Waiomū had a population of 360 in the 2023 New Zealand census, an increase of 6 people (1.7%) since the 2018 census, and an increase of 21 people (6.2%) since the 2013 census. There were 174 males, 186 females and 3 people of other genders in 135 dwellings. 3.3% of people identified as LGBTIQ+. The median age was 59.7 years (compared with 38.1 years nationally). There were 36 people (10.0%) aged under 15 years, 30 (8.3%) aged 15 to 29, 162 (45.0%) aged 30 to 64, and 132 (36.7%) aged 65 or older.

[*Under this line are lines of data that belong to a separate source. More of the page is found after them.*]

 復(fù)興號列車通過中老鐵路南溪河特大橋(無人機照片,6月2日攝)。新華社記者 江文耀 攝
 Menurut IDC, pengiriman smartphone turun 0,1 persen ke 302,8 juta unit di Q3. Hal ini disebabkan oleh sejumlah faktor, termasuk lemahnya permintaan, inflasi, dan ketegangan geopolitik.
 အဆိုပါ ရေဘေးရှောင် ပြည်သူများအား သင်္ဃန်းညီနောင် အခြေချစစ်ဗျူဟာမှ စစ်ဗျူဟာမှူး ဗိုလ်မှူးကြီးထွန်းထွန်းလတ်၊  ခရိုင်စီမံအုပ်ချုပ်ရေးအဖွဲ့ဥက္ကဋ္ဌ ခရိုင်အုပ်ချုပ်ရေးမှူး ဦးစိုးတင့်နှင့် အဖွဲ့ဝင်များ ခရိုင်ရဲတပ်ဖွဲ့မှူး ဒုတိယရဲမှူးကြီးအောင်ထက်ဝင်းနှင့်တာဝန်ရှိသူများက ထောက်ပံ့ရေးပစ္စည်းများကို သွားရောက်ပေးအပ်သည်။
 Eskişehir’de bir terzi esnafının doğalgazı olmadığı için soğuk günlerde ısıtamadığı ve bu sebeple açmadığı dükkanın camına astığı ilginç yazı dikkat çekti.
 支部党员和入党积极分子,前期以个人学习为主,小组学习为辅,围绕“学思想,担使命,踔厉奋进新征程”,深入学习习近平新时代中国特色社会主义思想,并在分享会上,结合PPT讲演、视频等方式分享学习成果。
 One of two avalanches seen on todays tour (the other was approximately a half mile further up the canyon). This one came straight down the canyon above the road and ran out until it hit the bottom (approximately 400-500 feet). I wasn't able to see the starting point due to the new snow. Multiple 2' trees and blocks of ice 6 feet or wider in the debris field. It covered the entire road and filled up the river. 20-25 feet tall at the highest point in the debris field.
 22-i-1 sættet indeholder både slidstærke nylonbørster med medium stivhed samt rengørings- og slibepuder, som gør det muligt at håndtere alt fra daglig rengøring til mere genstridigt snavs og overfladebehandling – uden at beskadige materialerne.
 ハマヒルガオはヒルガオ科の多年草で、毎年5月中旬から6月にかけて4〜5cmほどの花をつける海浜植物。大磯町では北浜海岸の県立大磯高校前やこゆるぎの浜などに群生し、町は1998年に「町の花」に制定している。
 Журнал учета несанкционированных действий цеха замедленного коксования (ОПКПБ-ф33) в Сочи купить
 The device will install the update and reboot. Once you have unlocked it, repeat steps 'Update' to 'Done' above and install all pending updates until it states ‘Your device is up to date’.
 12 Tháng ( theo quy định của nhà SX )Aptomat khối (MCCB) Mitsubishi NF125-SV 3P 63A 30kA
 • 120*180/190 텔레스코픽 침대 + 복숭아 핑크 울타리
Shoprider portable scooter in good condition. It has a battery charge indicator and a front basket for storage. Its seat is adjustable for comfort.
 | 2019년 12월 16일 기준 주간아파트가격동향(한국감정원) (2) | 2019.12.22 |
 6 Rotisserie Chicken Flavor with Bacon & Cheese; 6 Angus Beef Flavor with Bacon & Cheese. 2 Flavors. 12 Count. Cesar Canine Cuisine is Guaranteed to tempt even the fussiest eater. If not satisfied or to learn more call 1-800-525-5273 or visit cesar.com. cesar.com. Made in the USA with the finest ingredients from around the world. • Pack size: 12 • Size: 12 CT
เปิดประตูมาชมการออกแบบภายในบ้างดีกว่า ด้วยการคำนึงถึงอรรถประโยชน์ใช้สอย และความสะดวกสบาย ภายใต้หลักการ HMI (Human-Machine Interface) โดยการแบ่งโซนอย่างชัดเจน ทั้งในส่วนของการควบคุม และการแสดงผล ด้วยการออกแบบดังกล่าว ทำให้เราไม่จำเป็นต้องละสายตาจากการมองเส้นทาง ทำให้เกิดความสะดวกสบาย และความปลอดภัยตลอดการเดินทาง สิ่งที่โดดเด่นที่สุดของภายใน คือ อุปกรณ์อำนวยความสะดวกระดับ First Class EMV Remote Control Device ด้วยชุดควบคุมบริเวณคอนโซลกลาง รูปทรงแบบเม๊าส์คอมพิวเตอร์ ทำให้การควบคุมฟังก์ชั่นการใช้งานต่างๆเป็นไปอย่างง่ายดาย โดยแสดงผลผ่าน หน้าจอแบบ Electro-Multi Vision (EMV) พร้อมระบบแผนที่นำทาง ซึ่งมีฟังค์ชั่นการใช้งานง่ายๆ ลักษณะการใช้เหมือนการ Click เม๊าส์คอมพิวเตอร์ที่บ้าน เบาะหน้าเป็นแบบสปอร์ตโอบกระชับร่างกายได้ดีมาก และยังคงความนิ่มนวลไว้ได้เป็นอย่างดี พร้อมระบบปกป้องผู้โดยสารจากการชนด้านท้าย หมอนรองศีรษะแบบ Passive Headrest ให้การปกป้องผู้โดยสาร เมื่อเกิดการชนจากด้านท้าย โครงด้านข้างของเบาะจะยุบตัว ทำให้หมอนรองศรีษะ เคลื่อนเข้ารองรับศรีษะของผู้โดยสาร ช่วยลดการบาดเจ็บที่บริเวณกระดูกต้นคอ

People could identify as more than one ethnicity. The results were 80.0% European (Pākehā); 28.3% Māori; 1.7% Pasifika; 0.8% Asian; 0.8% Middle Eastern, Latin American and African New Zealanders (MELAA); and 6.7% other, which includes people giving their ethnicity as "New Zealander". English was spoken by 100.0%, Māori language by 5.8%, and other languages by 5.0%. No language could be spoken by 0.8% (e.g. too young to talk). New Zealand Sign Language was known by 0.8%. The percentage of people born overseas was 10.0, compared with 28.8% nationally.

Religious affiliations were 30.8% Christian, 2.5% Māori religious beliefs, 0.8% Buddhist, 1.7% New Age, and 1.7% other religions. People who answered that they had no religion were 55.8%, and 8.3% of people did not answer the census question.

Of those at least 15 years old, 51 (15.7%) people had a bachelor's or higher degree, 189 (58.3%) had a post-high school certificate or diploma, and 84 (25.9%) people exclusively held high school qualifications. The median income was $30,800, compared with $41,500 nationally. 24 people (7.4%) earned over $100,000 compared to 12.1% nationally. The employment status of those at least 15 was that 120 (37.0%) people were employed full-time, 48 (14.8%) were part-time, and 6 (1.9%) were unemployed.